А я вновь поворачиваюсь к морю. Столько всего помимо идеального момента, который, как мне казалось, я только что чувствовала. У Нилла свои тайны, у меня – свои. И ни один из нас не доверяет другому настолько, чтобы их открыть. Впрочем… в моем случае я, скорее, не доверяю самой себе. Что, если содрать корку с раны, а из нее снова польется кровь? Что, если кровь будет течь и течь и тогда уже никогда не остановится?

Чем больше пройдет времени, тем больше шанс, что рана под коркой закроется. Рано или поздно. Все раны рано или поздно заживают.

* * *

На кухне я нахожу Нилла за полукруглым столом. Только что он смотрел в окно, а теперь наблюдает, как я спускаюсь по лестнице. У меня мелькает мысль, что, быть может, мы втроем несколько минут назад мысленно общались с морем: Нилл на кухне, Эмми в гостиной, а я на вершине башни.

– Пойду, возьму в спальне постельное белье, – говорю я и уже направляюсь к выходу, когда меня догоняет голос Нилла.

– Я лягу на диване, – заявляет он. – Думаю, Эмми больше захочет спать на кровати с тобой.

– Ты уверен? Мы могли бы просто подождать и посмотреть…

– Все нормально, – перебивает он и поднимается, чтобы расстегнуть свою огромную сумку, которую поставил перед холодильником. – У меня есть пицца «Маргарита», это для Эмми, еще одна с грибами и суперострая с каперсами, оливками и пеперони. Какую выбираешь?

– С каперсами.

Нилл вскидывает голову.

– Серьезно?

– А ты думал, что я возьму с грибами?

– Да, почему-то, – усмехается он.

– Можем их поделить.

– Как хочешь. Надо было тебя спросить, но все так быстро закрутилось.

– Ничего страшного.

Вместе выгружаем привезенные продукты, и я делаю первые выводы о том, чем мы будем ужинать следующие два дня.

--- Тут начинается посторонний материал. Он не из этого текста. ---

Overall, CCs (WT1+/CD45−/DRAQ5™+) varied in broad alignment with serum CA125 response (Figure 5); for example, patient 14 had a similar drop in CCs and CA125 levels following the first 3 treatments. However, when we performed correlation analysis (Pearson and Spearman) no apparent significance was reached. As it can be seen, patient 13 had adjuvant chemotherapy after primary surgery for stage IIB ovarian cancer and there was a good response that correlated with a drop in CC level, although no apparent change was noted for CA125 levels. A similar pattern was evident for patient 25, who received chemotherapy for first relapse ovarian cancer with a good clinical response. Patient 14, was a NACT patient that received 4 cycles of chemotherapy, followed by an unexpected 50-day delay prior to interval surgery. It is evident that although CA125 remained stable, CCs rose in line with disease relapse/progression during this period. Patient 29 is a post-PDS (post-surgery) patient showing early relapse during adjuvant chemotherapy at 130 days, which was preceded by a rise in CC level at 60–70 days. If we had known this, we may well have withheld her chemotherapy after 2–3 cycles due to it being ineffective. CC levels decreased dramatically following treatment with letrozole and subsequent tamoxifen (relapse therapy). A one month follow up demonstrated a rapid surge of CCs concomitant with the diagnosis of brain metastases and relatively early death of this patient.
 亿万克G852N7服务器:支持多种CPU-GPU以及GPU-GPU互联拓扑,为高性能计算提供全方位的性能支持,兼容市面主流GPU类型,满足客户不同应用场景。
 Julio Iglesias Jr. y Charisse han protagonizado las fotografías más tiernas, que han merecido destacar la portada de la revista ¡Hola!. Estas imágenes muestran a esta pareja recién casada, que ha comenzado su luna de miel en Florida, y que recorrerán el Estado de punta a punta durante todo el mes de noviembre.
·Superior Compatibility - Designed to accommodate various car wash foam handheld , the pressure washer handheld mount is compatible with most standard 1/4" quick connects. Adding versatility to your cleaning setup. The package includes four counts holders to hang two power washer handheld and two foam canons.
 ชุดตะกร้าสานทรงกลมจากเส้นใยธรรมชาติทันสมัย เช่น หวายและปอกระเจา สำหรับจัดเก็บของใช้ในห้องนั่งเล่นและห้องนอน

– Один раз картошка, второй – макароны?

– Один раз картофельные оладьи, второй – макароны под сливочным соусом. Эмми нравится только соус с кукурузой и горохом, но еще есть ветчина.

– Звучит здорово. Я тоже могу что-нибудь приготовить. Просто скажи мне, что Эмми совсем не ест.

– Лучше сама у нее спроси. – Нилл ставит рядом с плитой бутылку красного вина. – Предлагаю еще прогуляться, пока не стемнело, а потом садиться за стол.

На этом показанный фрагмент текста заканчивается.